KISS OF THE VAMPIRE, for some reason, is the Hammer film for people who don’t like Hammer films. Although I’m not quite sure why, I think it has something to do with the plot, which is structured a bit like a Hitchcock thriller: a honeymooning couple comes to town; the bride disappears; and when the husband searches for her, the locals claim never to have seen her. Of course, everyone is silent because they are in a thrall to the vampires in the castle. The film has a fairly remarkable ending: instead of stakes and crosses, a magic incantation sends a swarm of vampire bats that bleed the living dead dry. Unfortunately, the special effects are not as good as the concept, so the execution falls flat.
Also noteworthy: If you saw KISS OF THE VAMPIRE on late night television in the U.S.A., you saw a bastardized version. Not only were things cut out, but also new scenes were added to pad out the running time. And we do mean pad: absolutely interminable dialogue with periphieral characters who never interact with the main cast, but just stand off in the sidelines talking about stuff we already know.
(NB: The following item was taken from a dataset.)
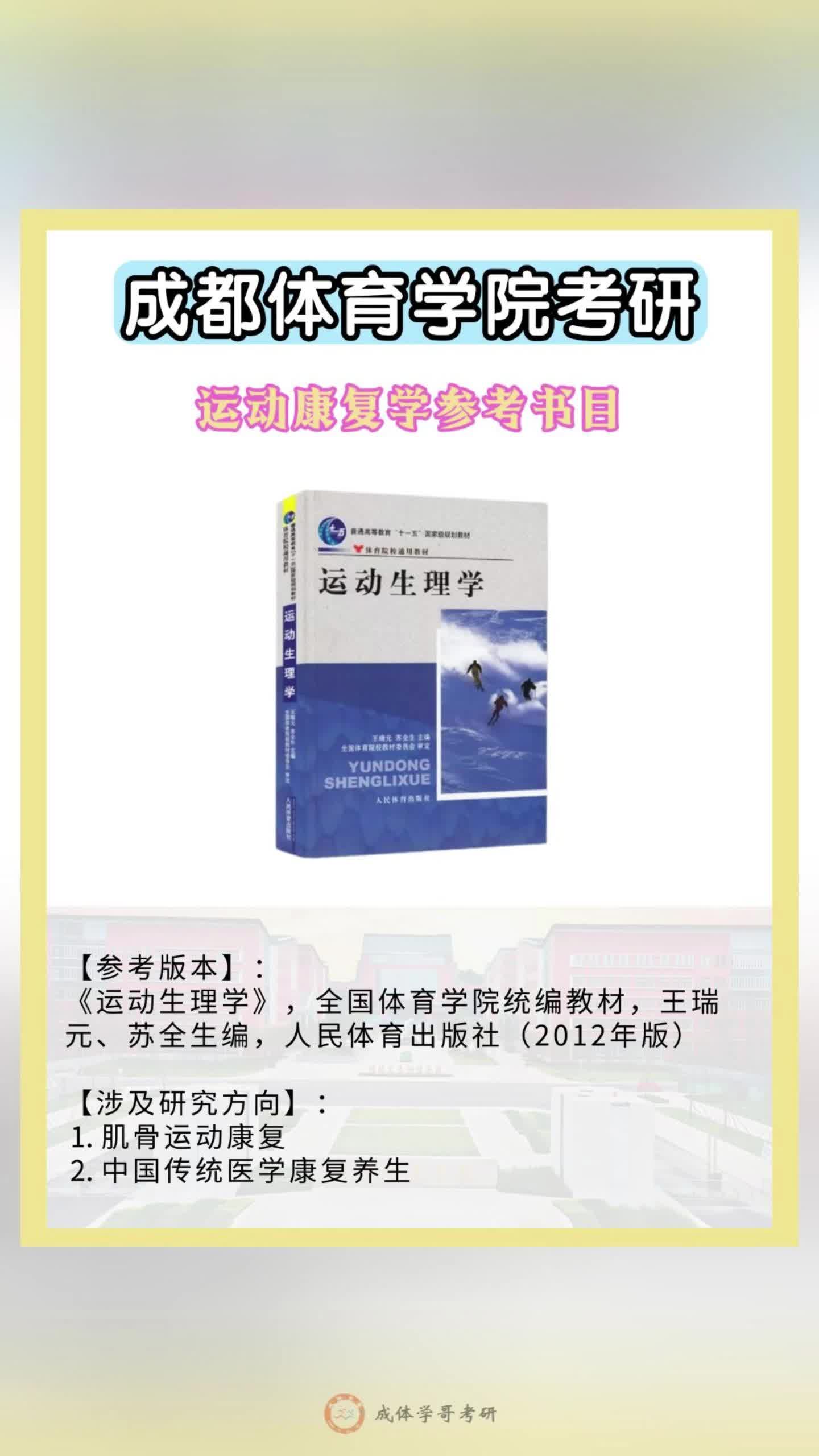 成体考研参考书目,成都体育学院考研612运动康复学初试参考书目

NIGHT CREATURES is a bit of a fake-out. It’s actually a thriller about smugglers who disguise themselves as ghosts and/or monsters to scare everyone away and thus insure the secrecy of their operation.
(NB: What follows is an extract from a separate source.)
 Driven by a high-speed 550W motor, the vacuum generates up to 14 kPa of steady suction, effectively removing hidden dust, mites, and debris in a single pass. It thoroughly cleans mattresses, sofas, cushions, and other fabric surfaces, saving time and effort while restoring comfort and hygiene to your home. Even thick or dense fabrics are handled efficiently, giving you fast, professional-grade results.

EVIL OF FRANKENSTEIN is actually one of Hammer’s lesser Frankenstein films, but Peter Cushing is, as always, interesting to watch in the role. The problem seems to have been that the film was designed to be more like the old Universal horror films, so the fresh and bold Hammer approach of the previous Frankenstein installments was abandoned in favor of embracing old-fashioned cliches like torch-wielding villagers. Like KISS OF THE VAMPIRE, this film had pointless new scenes added for American television.
The set is disappointing in only a couple of ways. First, there are no bonus features, not even a trailer. Second, the films included date from the period when Christopher Lee (who had co-starred with Peter Cushing in the first round of Hammer horror classics), was away in Italy, working on films like HERCULES IN THE HAUNTED WORLD; it seems a shame to have a Hammer box set in which one half of the greatest horror double team of all time is not represented by even a single title.